Lady Maxwell insisted that Isabel should now dine, as there would be no more to be seen till the Queen should come up on deck again.

Of the actual ceremony of the knighting of Mr. Drake they had a very fair view, though the figures were little and far away. The first intimation they had that the banquet was over was the sight of the scarlet-clad yeomen emerging one by one up the little hatchway that led below. The halberdiers lined the decks already, with their weapons flashing in long curved lines; and by the time that the trumpets began to sound to show that the Queen was on her way from below, the decks were one dense mass of colour and steel, with a lane left to the foot of the poop-stairs by which she would ascend. Then at last the two figures appeared, the Queen radiant in cloth of gold, and Mr. Drake, alert and brisk, in his Court suit and sword. There was silence from the crowd as the adventurer knelt before the Queen, and Anthony held his breath with excitement as he caught the flash of the slender sword that an officer had put into the Queen’s hand; and then an inconceivable noise broke out as Sir Francis Drake stood up. The crowd was one open mouth, shouting, the church bells burst into peals overhead, answered by the roll of drums from the deck and the blare of trumpets; and then the whole din sank into nothingness for a moment under the heart-shaking crash of the ship’s broadside, echoed instantly by the deeper roar of the dockyard guns, and answered after a moment or two from far away by the dull boom from the Tower. And Anthony leaned yet further from the window and added his voice to the tumult.

As he rode back alone to Lambeth, after parting with the others at London Bridge, for they intended to go down home again that night, he was glowing with national zeal. He had seen not only royalty and magnificence but an apotheosis of character that day. There in the little trim figure with the curly hair kneeling before the Queen was England at its best—England that sent two ships against an empire; and it was the Church that claimed Sir Francis Drake as a son, and indeed a devoted one, in a sense, that Anthony himself was serving here at Lambeth, and for which he felt a real and fervent enthusiasm.

He was surprised a couple of days later to receive a note in Lady Maxwell’s handwriting, brought up by a special messenger from the Hall.

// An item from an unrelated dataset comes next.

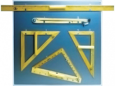 Раздел 2. Комплекс оснащения предметных кабинетов, Подраздел 1. Кабинет начальных классов, 2.1.24. Комплект чертежного оборудования и приспособлений для школьной доски (треугольник, транспортир, циркуль, линейка)

“There is a friend of mine,” she wrote, “to come to Lambeth House presently, he tells me, to be kept a day or two in ward before he is sent to Wisbeach. He is a Catholic, named Mr. Henry Buxton, who showed me great love during the sorrow of my dear husband’s death; and I write to you to show kindness to him, and to get him a good bed, and all that may comfort him: for I know not whether Lambeth Prison is easy or hard; but I hope perhaps that since my Lord Archbishop is a prisoner himself he has pity on such as are so too; and so my pains be in vain. However, if you will see Mr. Buxton at least, and have some talk with him, and show him this letter, it will cheer him perhaps to see a friend’s face.”

Anthony of course made inquiries at once, and found that Mr. Buxton was to arrive on the following afternoon. It was the custom to send prisoners occasionally to Lambeth, more particularly those more distinguished, or who, it was hoped, could be persuaded to friendly conference. Mr. Buxton, however, was thought to be incorrigible, and was only sent there because there was some delay in the preparations for his reception at Wisbeach, which since the previous year had been used as an overflow prison for Papists.

On the evening of the next day, which was Friday, Anthony went straight out from the Hall after supper to the gateway prison, and found Mr. Buxton at a fish supper in the little prison in the outer part of the eastern tower. He introduced himself, but found it necessary to show Lady Maxwell’s letter before the prisoner was satisfied as to his identity.

“You must pardon me, Mr. Norris,” he said, when he had read the letter and asked a question or two, “but we poor Papists are bound to be shy. Why, in this very room,” he went on, pointing to the inner corner away from the door, and smiling, “for aught I know a man sits now to hear us.”

Anthony was considerably astonished to see this stranger point so confidently to the hiding-hole, where indeed the warder used to sit sometimes behind a brick partition, to listen to the talk of the prisoners; and showed his surprise.

“Ah, Mr. Norris,” the other said, “we Papists are bound to be well informed; or else where were our lives? But come, sir, let us sit down.”